The big story here is the influence of important applications on computer architecture, and the direct collaboration between these two groups. This group has also been very successful in collaborating both internally, and with outside industries. They derive a significant fraction of their funding from projects with outside industries. Their success rests on a foundation of credibility, and a well-developed area of expertise. They are slated for considerable growth in the near future. The bottleneck to that growth is the availability of properly educated people who will meet their needs.

Prof. Adrian Sutton, Dept. of Materials, Dept. of Physics

Dr. Peter Haynes, Dept. of Materials, Dept. of Physics

Dr. Nicholas Harrison, Dept. of Chemistry

Dr. Patricia Hunt, Dept. of Chemistry

Dr. Andrew Horsfield, Dept. of Materials

Dr.

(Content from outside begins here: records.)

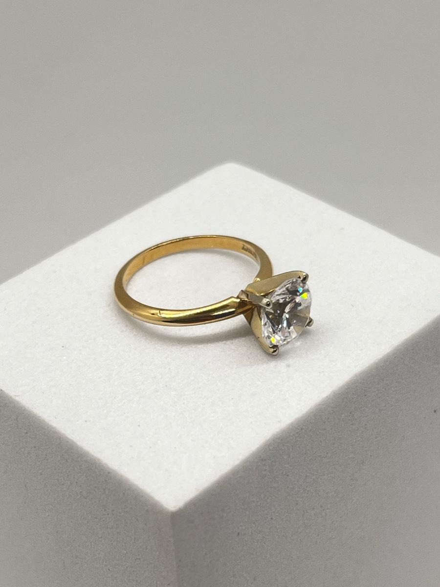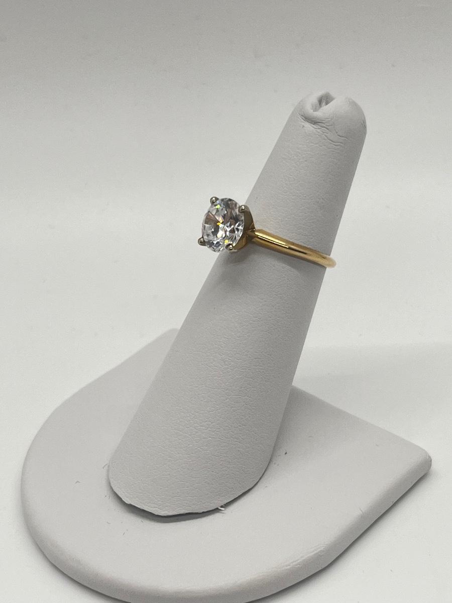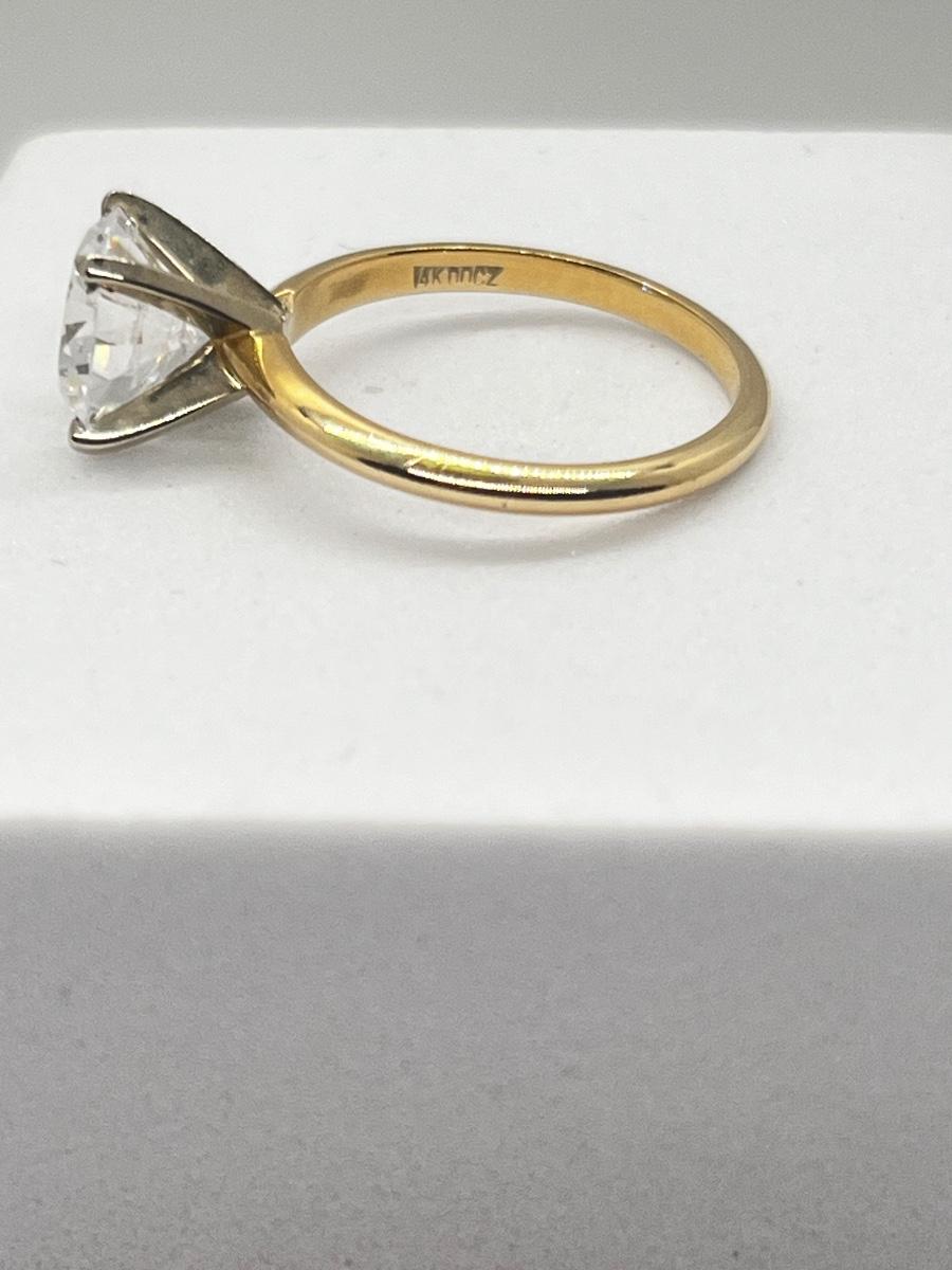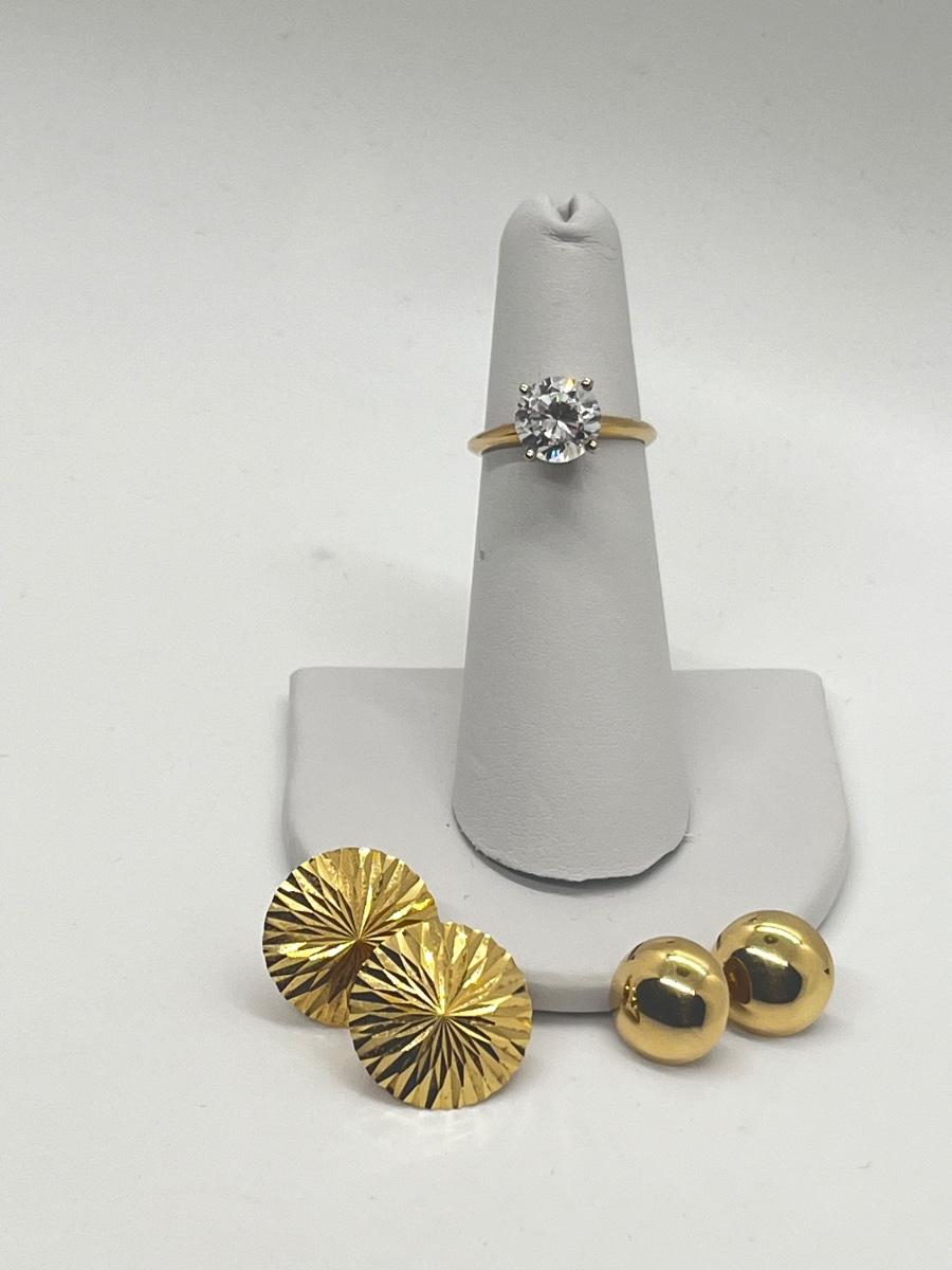 LOT 205J: 14K Diamonique Cubic Zirconia Size 5 Ring + Two Pairs 14K Post Earrings
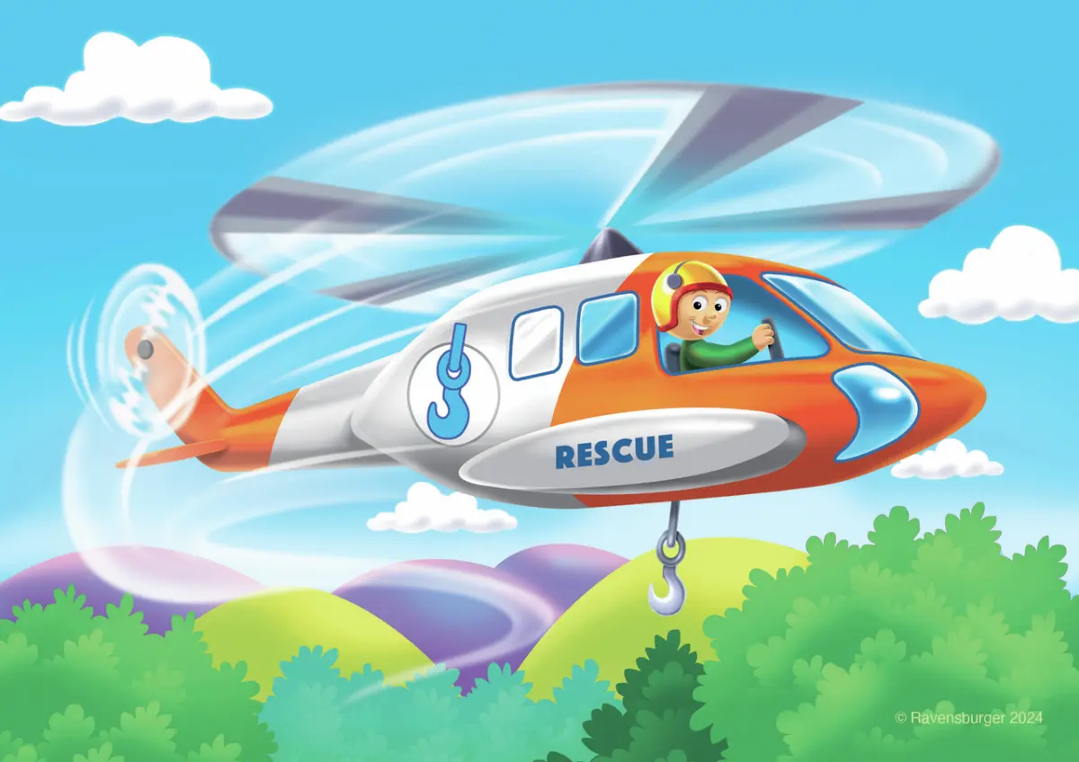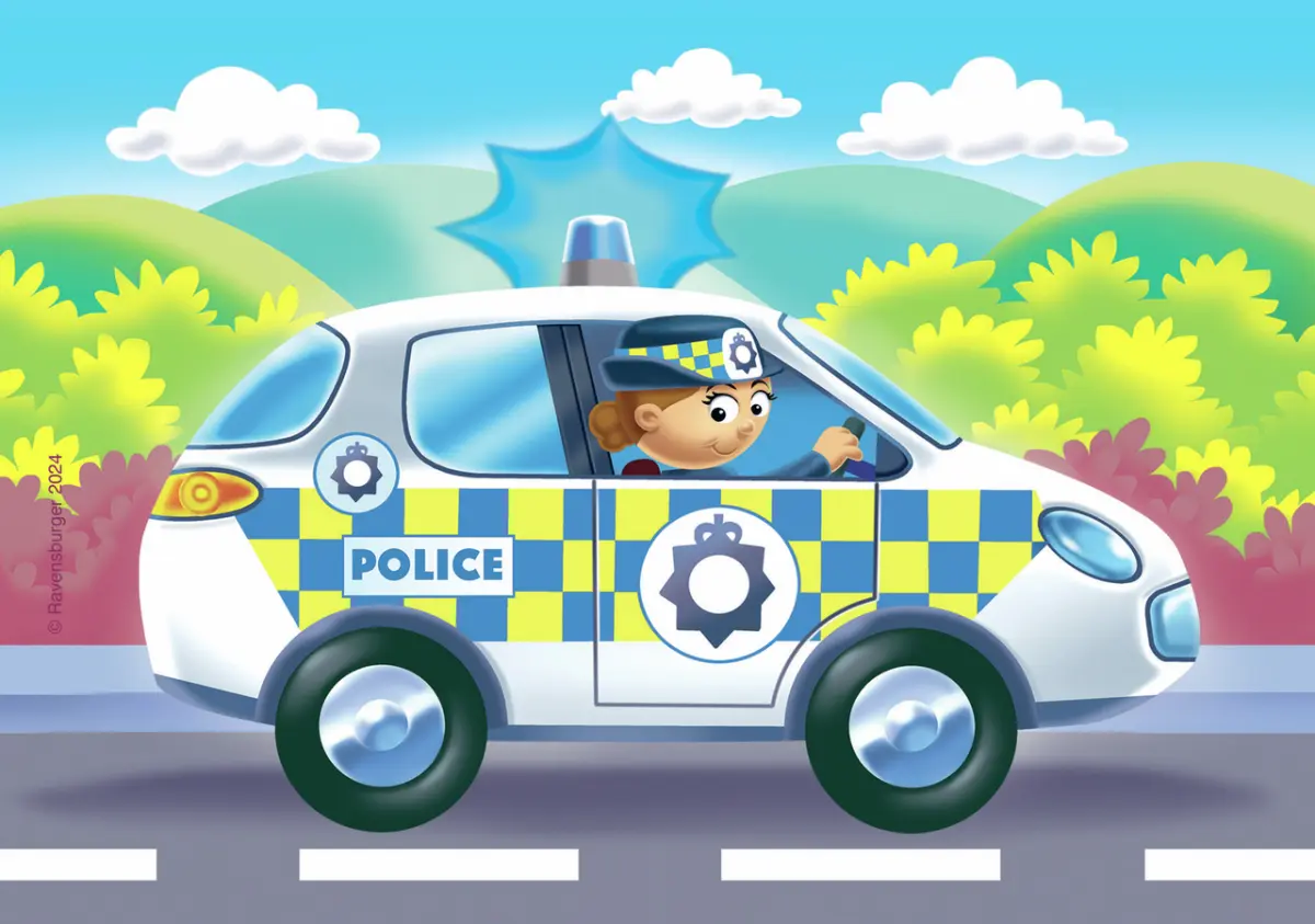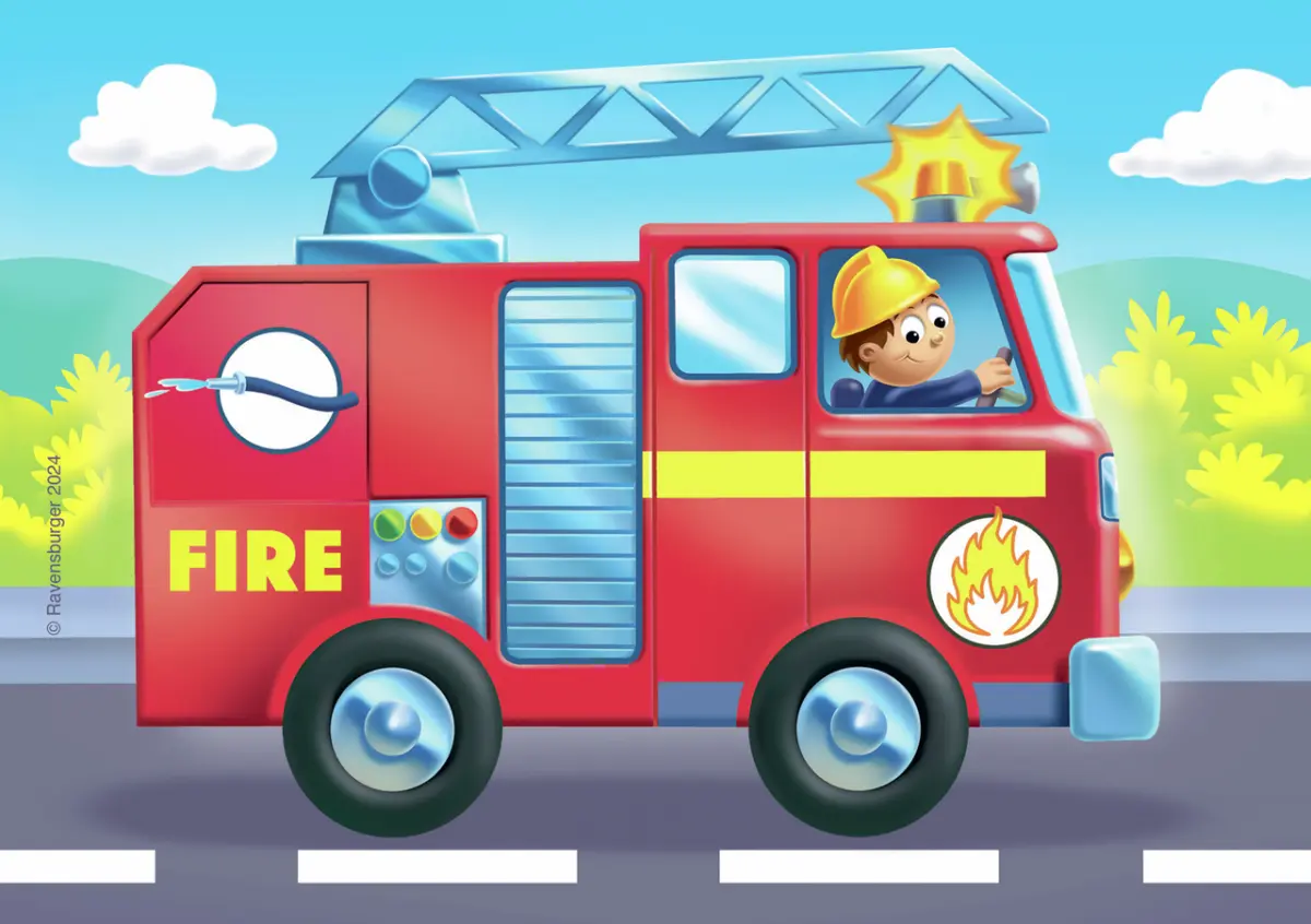Fyra pussel på 2, 3, 4 och 5 bitar. Samtliga med olika motiv av utryckningsfordon i farten. Ett perfekt pussel för små barn där de får öva både motorik, logik, yrken och fordon på en och samma gång.
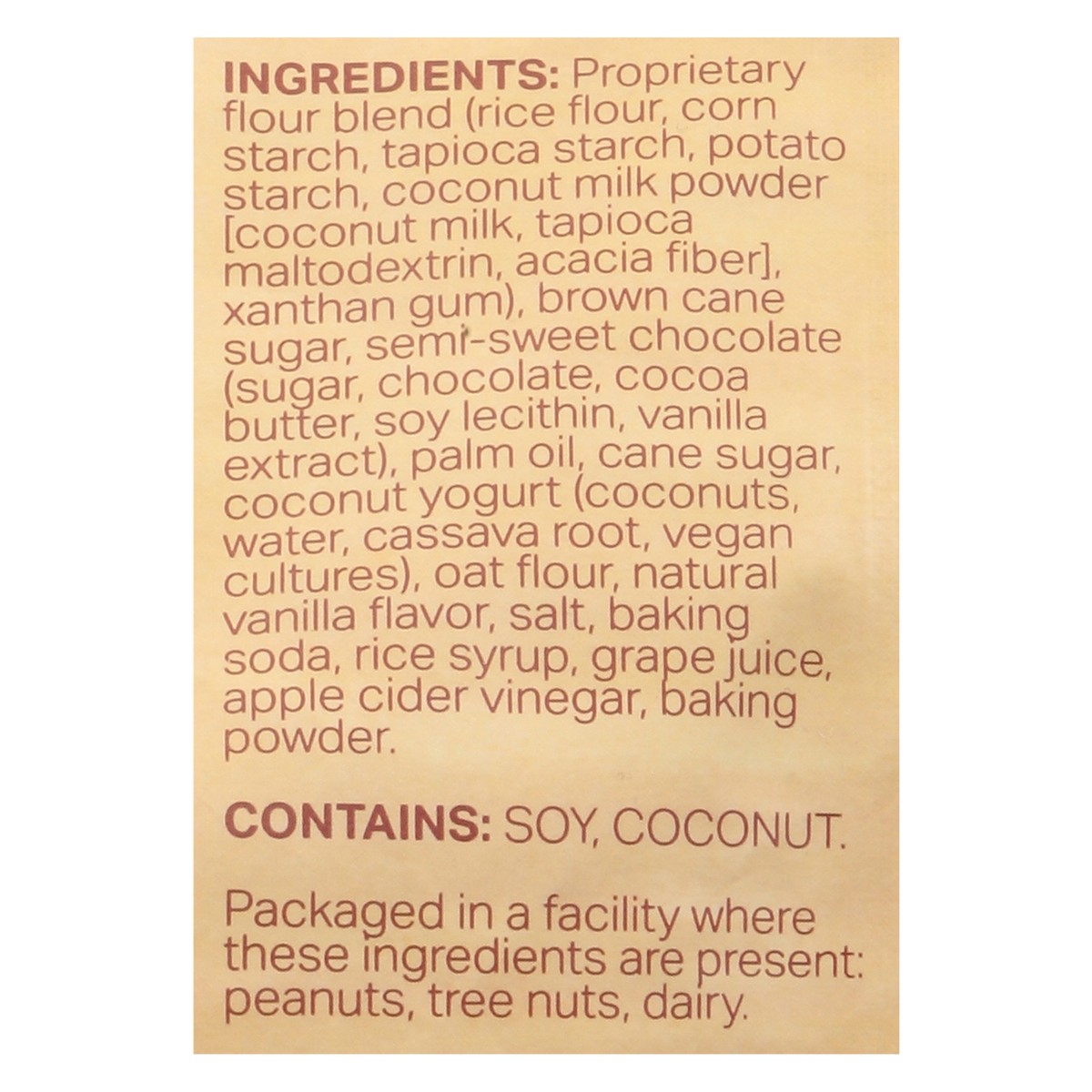 Proprietary Flour Blend (Rice Flour, Corn Starch, Tapioca Starch, Potato Starch, Coconut Milk Powder [Coconut Milk, Tapioca Maltodextrin, Acácia Fiber], Xanthan Gum), Brown Cane Sugar, Semi-Sweet Choc…

Arash Mostofi, Dept. of Materials, Dept. of Physics

Dr. Paul Tangney, Dept. of Materials, Dept. of Physics

Prof. Robin Grimes, Dept. of Materials

Imperial College has a very strong tradition in materials science research, through the Department of Materials (in Engineering), the Department of Physics, and to a lesser extent, the Department of Chemistry. The Chair of Materials Theory and Simulation is held by Professor Mike Finnis, who has joint appointments in Materials and Physics. A recent significant development for materials modeling and simulation community at Imperial, and indeed in London generally is the establishment of the Thomas Young Centre (TYC), which is an umbrella organization for London-based activities in this area.